Start of Block

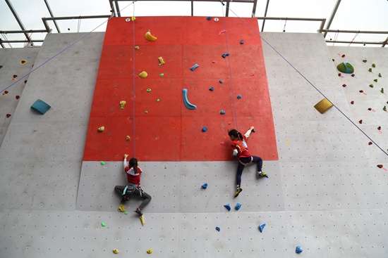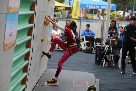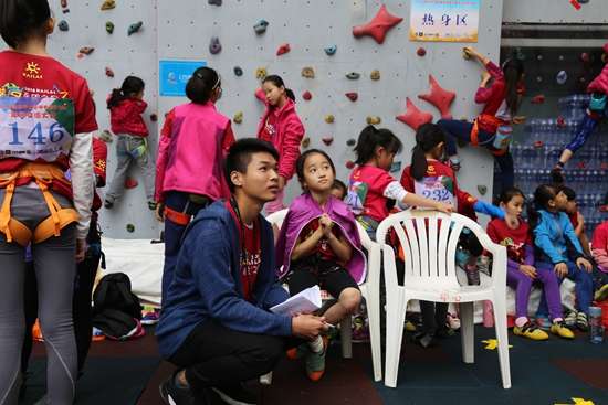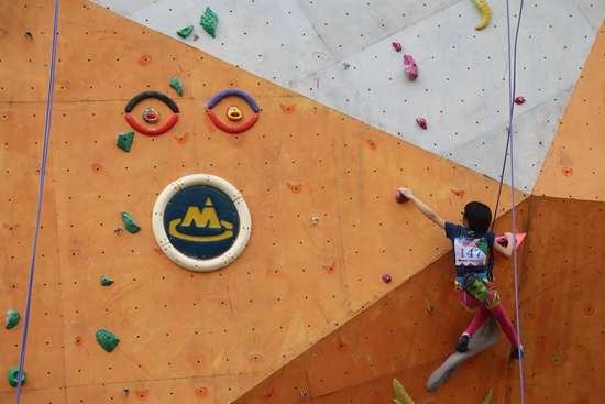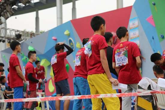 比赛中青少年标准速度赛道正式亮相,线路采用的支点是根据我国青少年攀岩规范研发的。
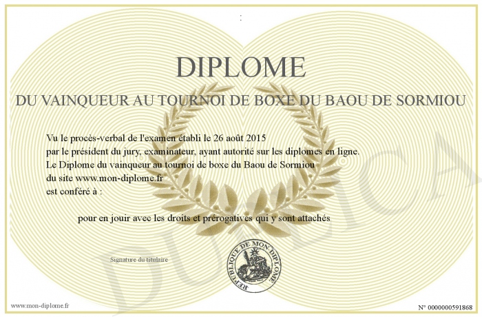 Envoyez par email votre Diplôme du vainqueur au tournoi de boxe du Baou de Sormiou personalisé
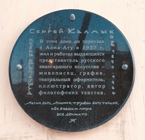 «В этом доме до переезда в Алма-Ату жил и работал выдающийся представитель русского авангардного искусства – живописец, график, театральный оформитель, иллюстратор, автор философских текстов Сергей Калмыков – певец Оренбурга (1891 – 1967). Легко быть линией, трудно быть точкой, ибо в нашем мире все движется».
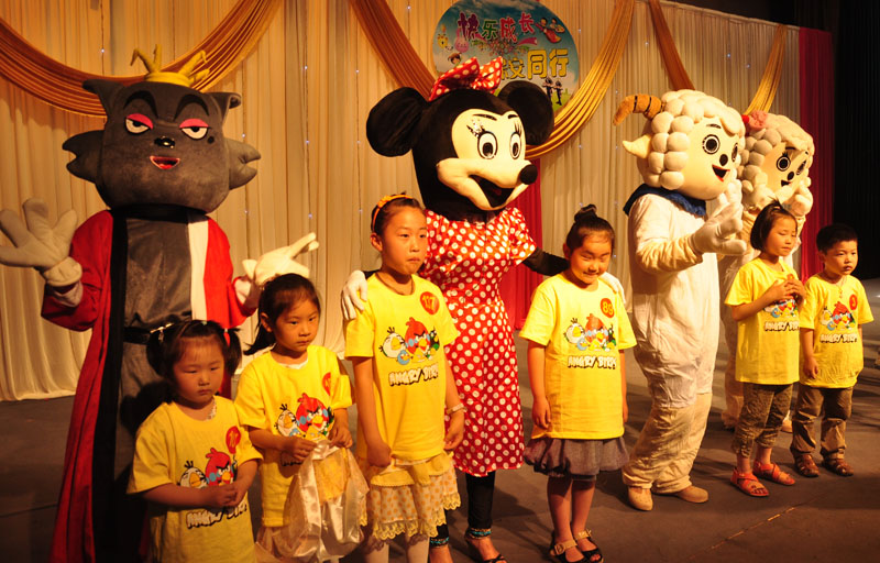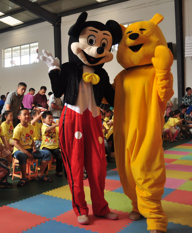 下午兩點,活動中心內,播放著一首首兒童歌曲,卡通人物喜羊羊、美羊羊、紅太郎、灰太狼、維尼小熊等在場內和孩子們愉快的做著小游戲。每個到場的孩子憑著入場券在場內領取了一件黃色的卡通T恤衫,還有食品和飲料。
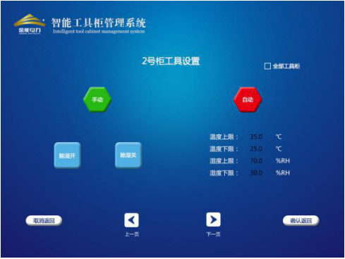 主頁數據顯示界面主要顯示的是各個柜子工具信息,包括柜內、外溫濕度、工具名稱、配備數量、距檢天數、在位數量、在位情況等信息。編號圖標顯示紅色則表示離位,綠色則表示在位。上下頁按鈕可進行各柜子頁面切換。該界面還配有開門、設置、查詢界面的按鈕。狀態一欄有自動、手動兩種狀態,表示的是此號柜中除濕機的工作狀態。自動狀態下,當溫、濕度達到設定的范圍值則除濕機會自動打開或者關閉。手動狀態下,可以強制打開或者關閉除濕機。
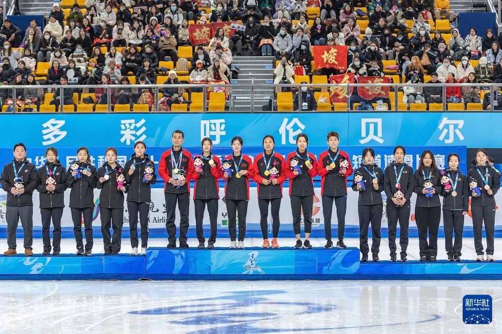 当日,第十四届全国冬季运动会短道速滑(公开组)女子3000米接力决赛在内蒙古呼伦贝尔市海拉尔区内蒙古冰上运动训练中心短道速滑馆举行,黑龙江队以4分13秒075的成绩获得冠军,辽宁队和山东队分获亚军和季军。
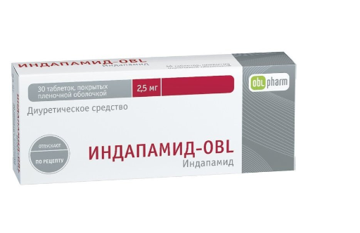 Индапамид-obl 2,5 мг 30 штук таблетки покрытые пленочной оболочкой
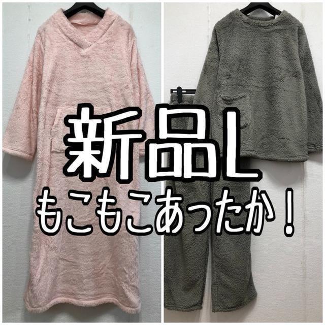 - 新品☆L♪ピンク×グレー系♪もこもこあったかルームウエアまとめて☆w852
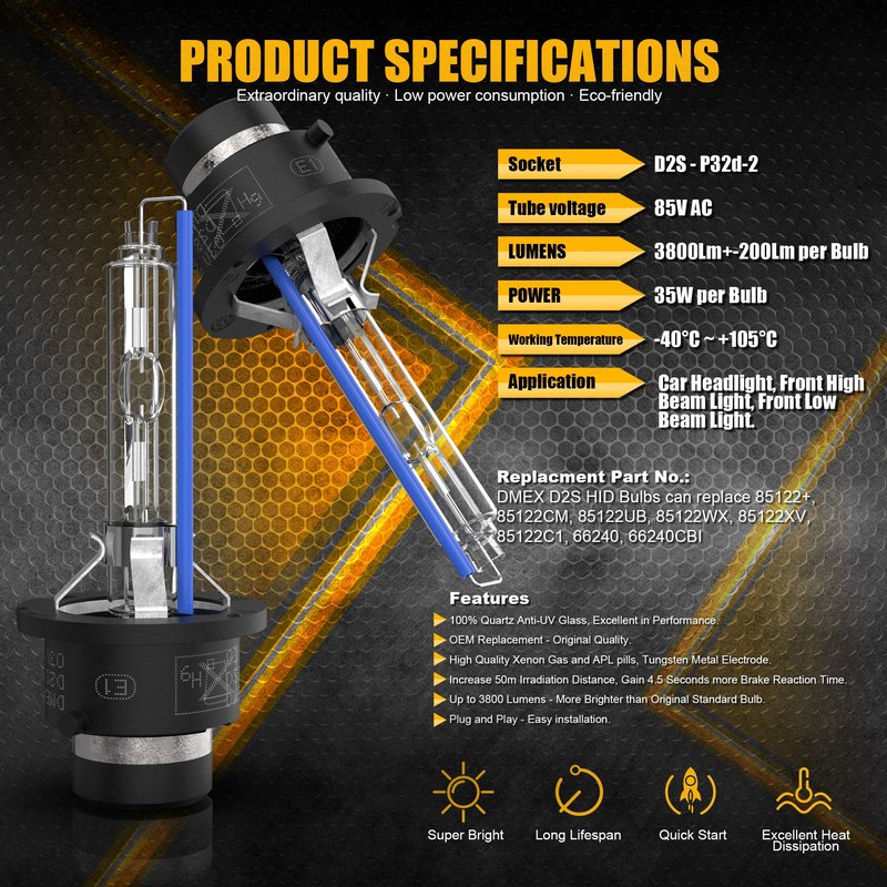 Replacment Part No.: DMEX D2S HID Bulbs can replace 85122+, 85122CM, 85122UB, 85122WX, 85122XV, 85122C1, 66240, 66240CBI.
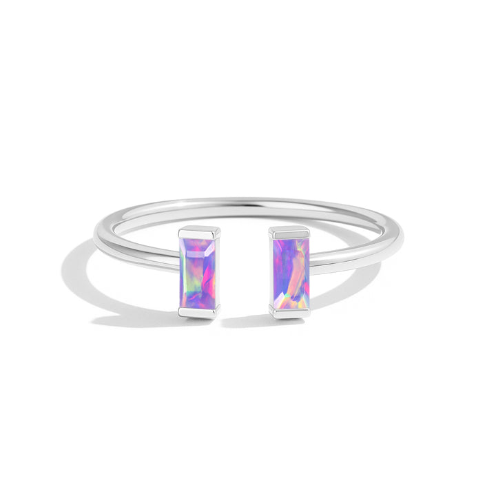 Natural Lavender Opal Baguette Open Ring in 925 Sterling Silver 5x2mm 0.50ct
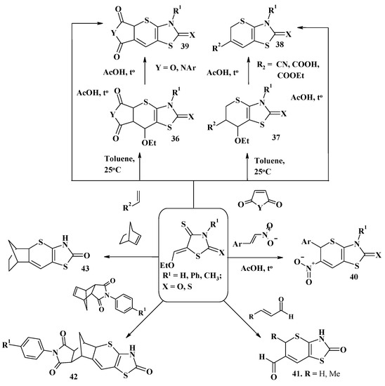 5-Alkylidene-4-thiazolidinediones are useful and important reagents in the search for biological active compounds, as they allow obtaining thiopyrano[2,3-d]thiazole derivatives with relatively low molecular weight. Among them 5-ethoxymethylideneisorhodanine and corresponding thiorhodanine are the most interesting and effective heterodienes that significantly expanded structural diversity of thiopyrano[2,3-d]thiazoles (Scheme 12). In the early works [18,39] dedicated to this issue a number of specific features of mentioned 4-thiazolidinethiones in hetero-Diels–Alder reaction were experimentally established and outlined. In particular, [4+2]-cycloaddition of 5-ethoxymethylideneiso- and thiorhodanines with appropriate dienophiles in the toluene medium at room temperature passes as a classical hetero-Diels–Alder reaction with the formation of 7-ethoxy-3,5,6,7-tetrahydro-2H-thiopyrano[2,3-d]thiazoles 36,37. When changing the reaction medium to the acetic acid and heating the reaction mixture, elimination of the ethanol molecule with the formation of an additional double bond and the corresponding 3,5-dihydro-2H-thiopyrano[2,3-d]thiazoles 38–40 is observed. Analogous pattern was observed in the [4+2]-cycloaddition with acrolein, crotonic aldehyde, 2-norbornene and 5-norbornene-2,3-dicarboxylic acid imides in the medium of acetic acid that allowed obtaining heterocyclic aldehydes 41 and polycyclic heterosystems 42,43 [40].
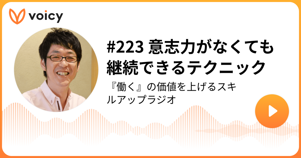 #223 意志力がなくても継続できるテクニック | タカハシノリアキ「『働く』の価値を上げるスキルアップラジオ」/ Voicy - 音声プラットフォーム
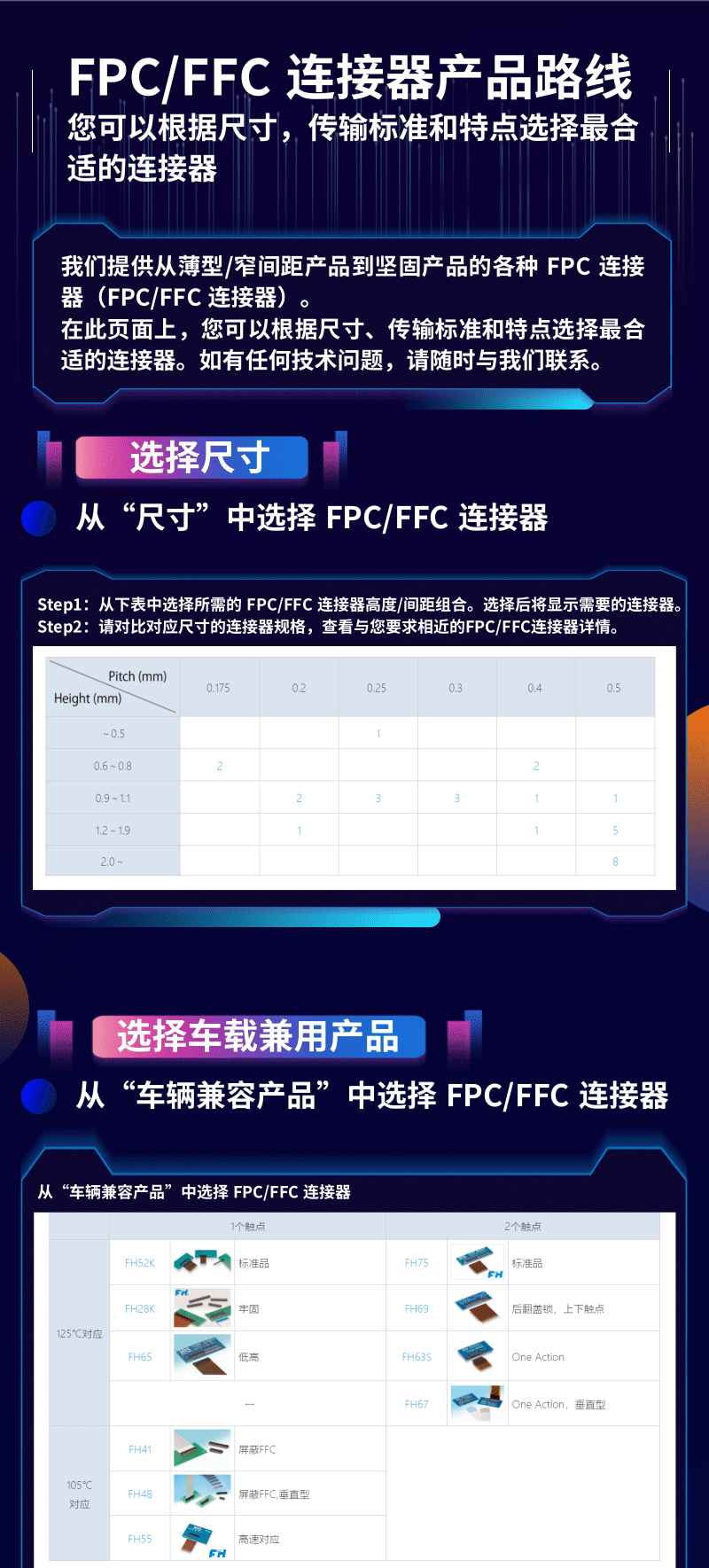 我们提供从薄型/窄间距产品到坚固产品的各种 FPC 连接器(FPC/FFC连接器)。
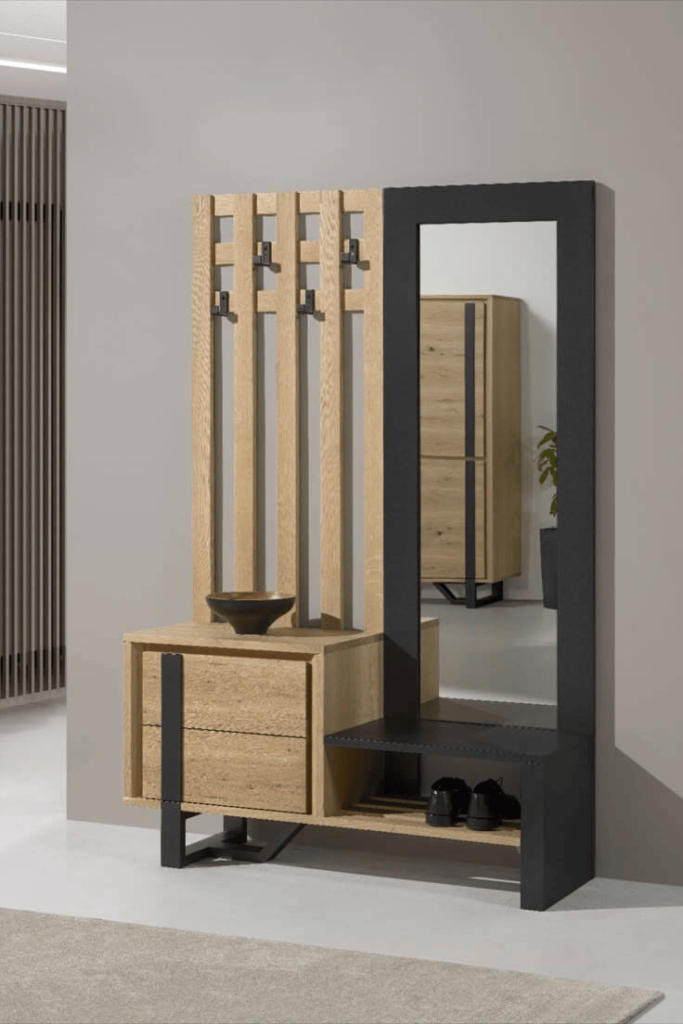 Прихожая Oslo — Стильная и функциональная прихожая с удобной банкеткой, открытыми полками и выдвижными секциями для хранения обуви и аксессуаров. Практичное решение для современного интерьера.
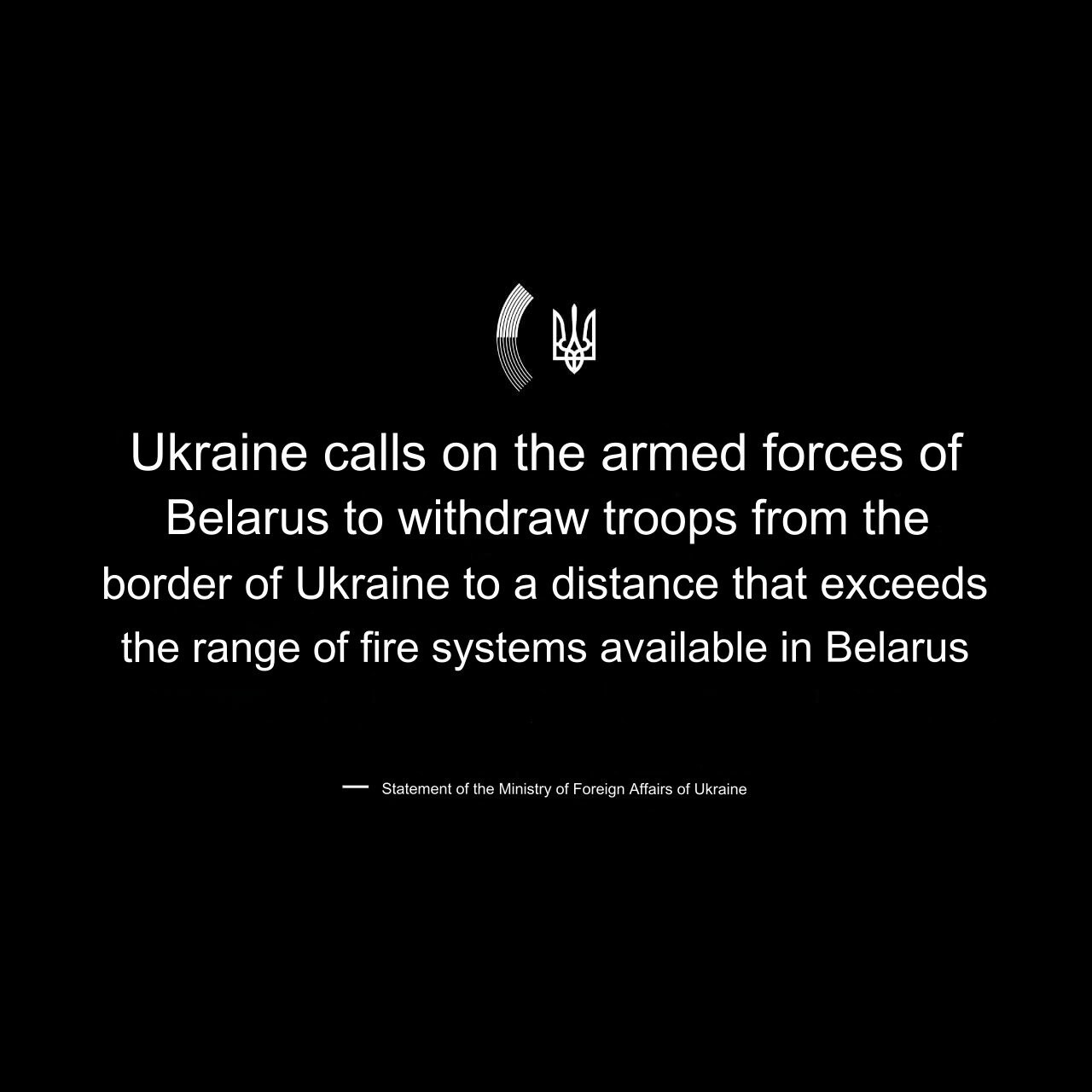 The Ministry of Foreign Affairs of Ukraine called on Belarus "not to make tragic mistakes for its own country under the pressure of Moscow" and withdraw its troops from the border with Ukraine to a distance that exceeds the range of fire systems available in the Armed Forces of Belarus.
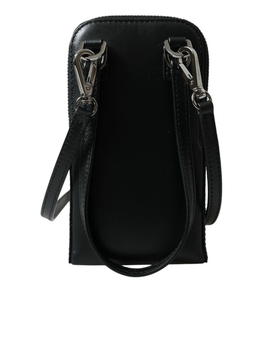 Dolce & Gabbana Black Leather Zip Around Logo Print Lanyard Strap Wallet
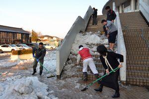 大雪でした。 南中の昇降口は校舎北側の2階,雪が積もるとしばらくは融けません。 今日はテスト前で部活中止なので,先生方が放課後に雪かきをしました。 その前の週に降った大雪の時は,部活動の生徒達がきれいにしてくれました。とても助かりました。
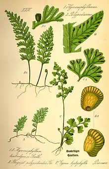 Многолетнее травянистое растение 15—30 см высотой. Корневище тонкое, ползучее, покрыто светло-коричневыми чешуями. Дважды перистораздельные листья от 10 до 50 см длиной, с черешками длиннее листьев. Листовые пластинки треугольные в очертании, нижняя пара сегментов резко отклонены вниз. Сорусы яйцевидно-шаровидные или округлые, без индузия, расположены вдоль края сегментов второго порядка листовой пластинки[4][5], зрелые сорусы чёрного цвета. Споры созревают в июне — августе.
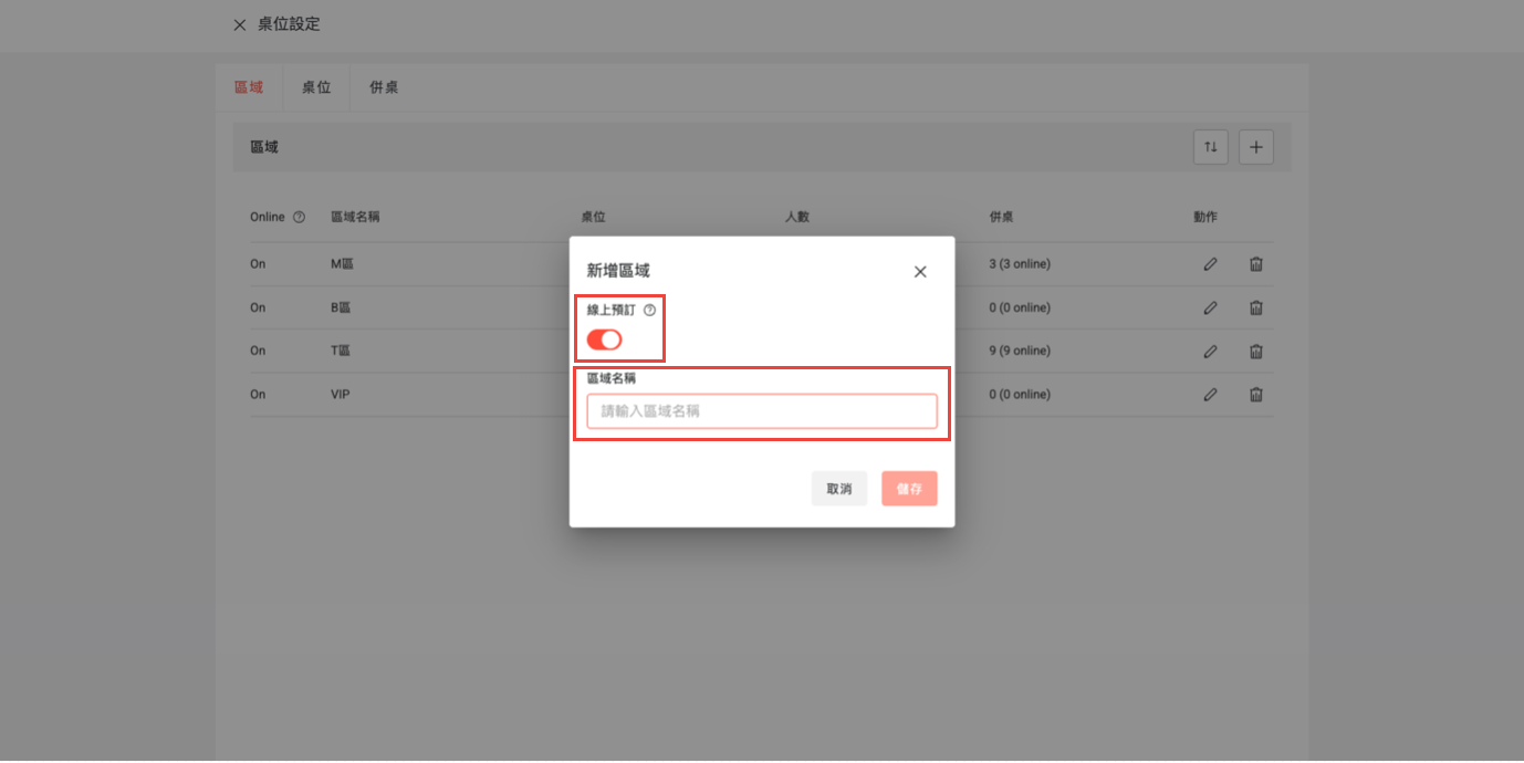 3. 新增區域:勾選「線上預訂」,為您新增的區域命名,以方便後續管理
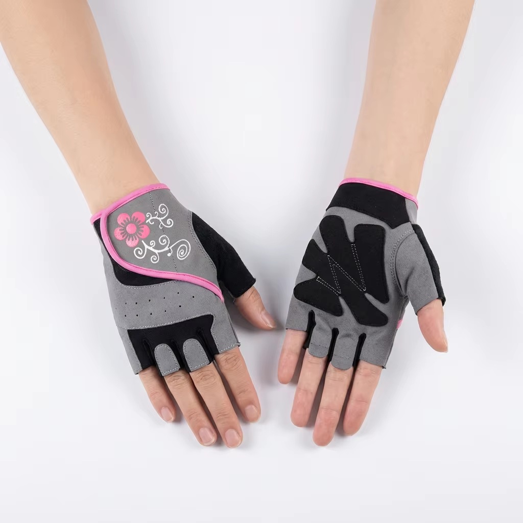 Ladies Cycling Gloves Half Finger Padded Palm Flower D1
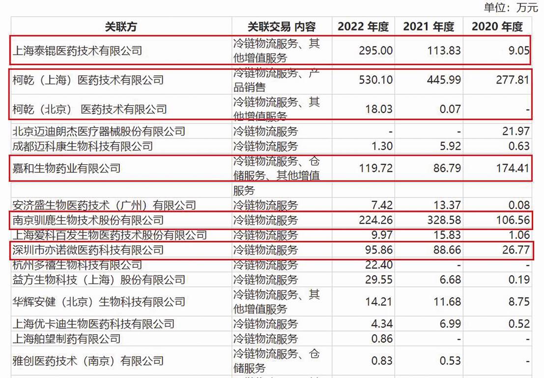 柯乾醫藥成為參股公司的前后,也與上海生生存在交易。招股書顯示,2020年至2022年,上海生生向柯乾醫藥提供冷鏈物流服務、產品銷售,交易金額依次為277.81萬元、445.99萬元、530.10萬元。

End of Block

Everything above from the line that has "我们提供从薄型/窄间距产品到坚固产品的各种 FPC 连接器(FPC/FFC连接器)。" down to the line that has "Прихожая Oslo —" should be output exactly, with both of those lines included. Leave the pictures behind.

▶ [Finished task]:
 我们提供从薄型/窄间距产品到坚固产品的各种 FPC 连接器(FPC/FFC连接器)。
 Прихожая Oslo — Стильная и функциональная прихожая с удобной банкеткой, открытыми полками и выдвижными секциями для хранения обуви и аксессуаров. Практичное решение для современного интерьера.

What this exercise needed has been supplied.